Even when they give us the cold shoulder or spend half their lives locked away in their room, our kids desperately long to know we care about them and are still invested in their lives. Find opportunities to have conversations and make talks about mental and emotional health a regular part of your time together. Ask open-ended non-threatening questions such as:

-“How are you feeling?”

-“How are your friends doing? I’ve heard that kids are really struggling right now. Are kids talking about this?”

-“What are you finding helps you to cope when things are overwhelming?”

-“What helps you take care of yourself?”

-“Is social media helping you feel more connected?”

-“Is there anything I can do to support you?”

 Through these conversations, we want to help them ask themselves: “What is the source of my stress? Why am I anxious?” It might be obvious to you what is going on; the task here isn’t to hand them a diagnosis but, rather, to help them see for themselves what is going on more clearly. Again (and I can’t stress this enough!), resist the urge to give advice, make suggestions for how they can fix the problem, or offer platitudes like “This too shall pass.” You do not need to offer reassurance. Really. Right now, teens need to feel heard, and if you say something along the lines of “Everything will be okay” they’ll notice that you’ve missed the main thing they are trying to communicate, which is that they are very stressed out.
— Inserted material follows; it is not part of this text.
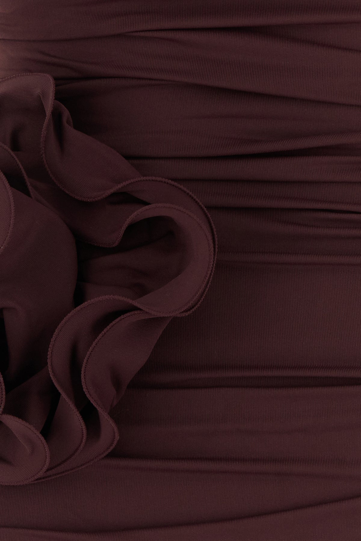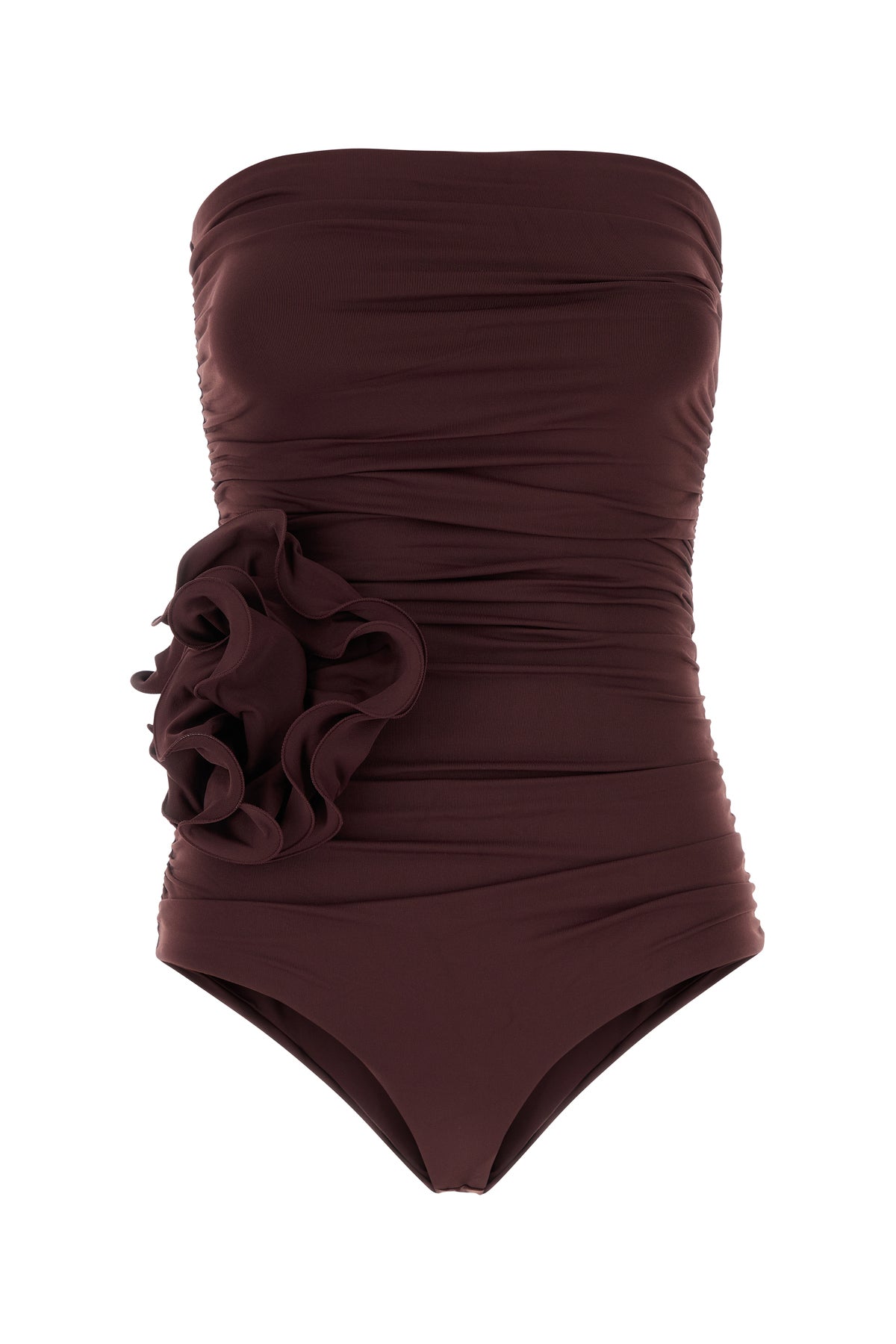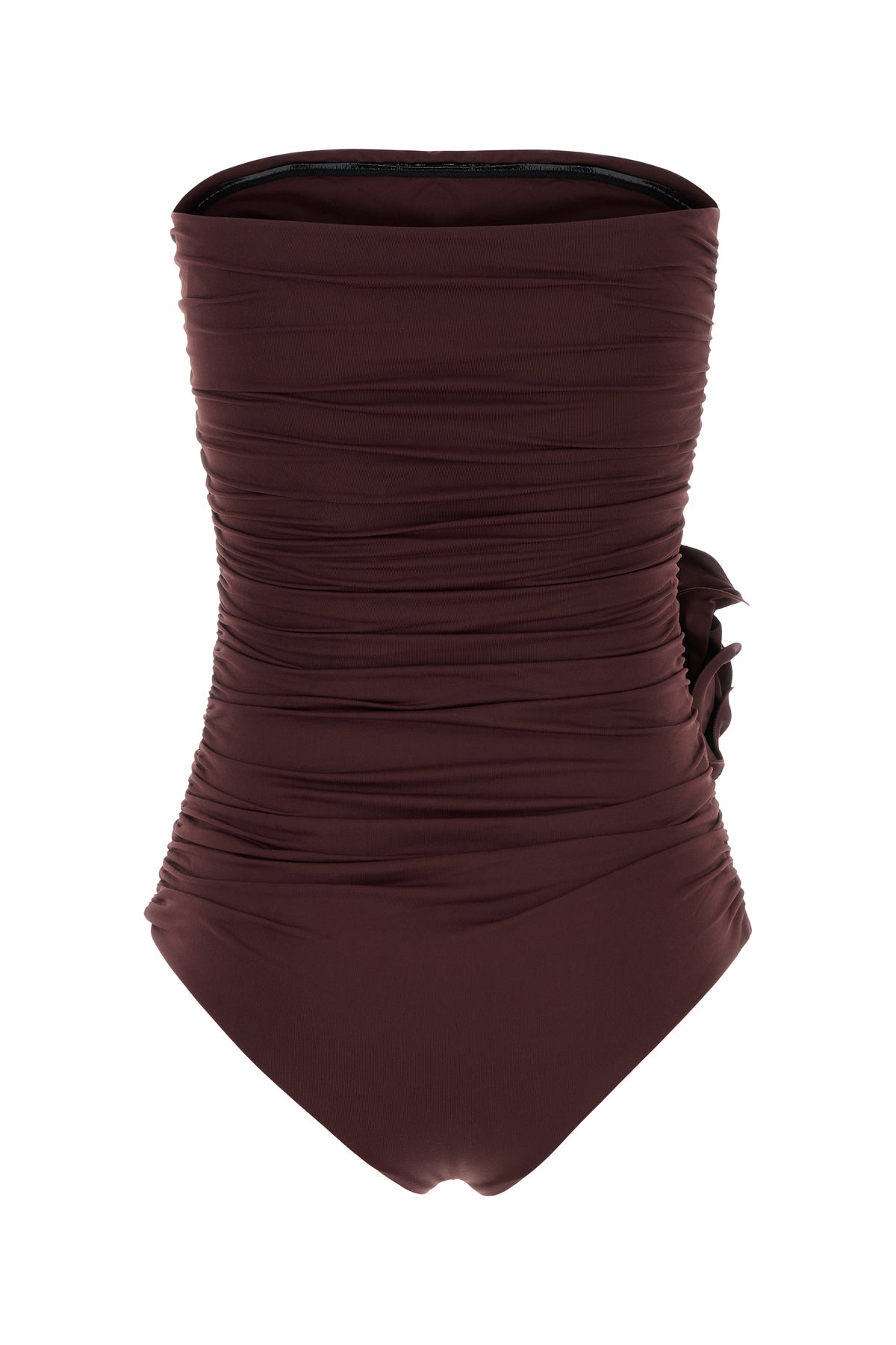 Swimsuit realized in stretch nylon characterized by gathering on the side enriched by floral patch on the side.

If your teen has opened up to share what is bothering them, nothing will slam the door of their heart closed faster than you offering advice or missing the point of what they are trying to say. 

 You’re unlikely to see a magical reconnection overnight or watch your teen turn from Eeyore one night to Tigger in the morning. But following these steps will begin to show your teenager that you are a safe place to express emotions and have hard talks about mental health. As you both learn to navigate these topics, remember to trust your kid’s process. Trust that even if you don’t immediately fix everything, life will continue to unfold just as it’s meant to. Trust that they (and you) can handle all the difficult emotions that happen in the ups and downs of life. Our kids are more resilient than we give them credit for. They are capable, they are strong, they are able to figure this out. And so are you.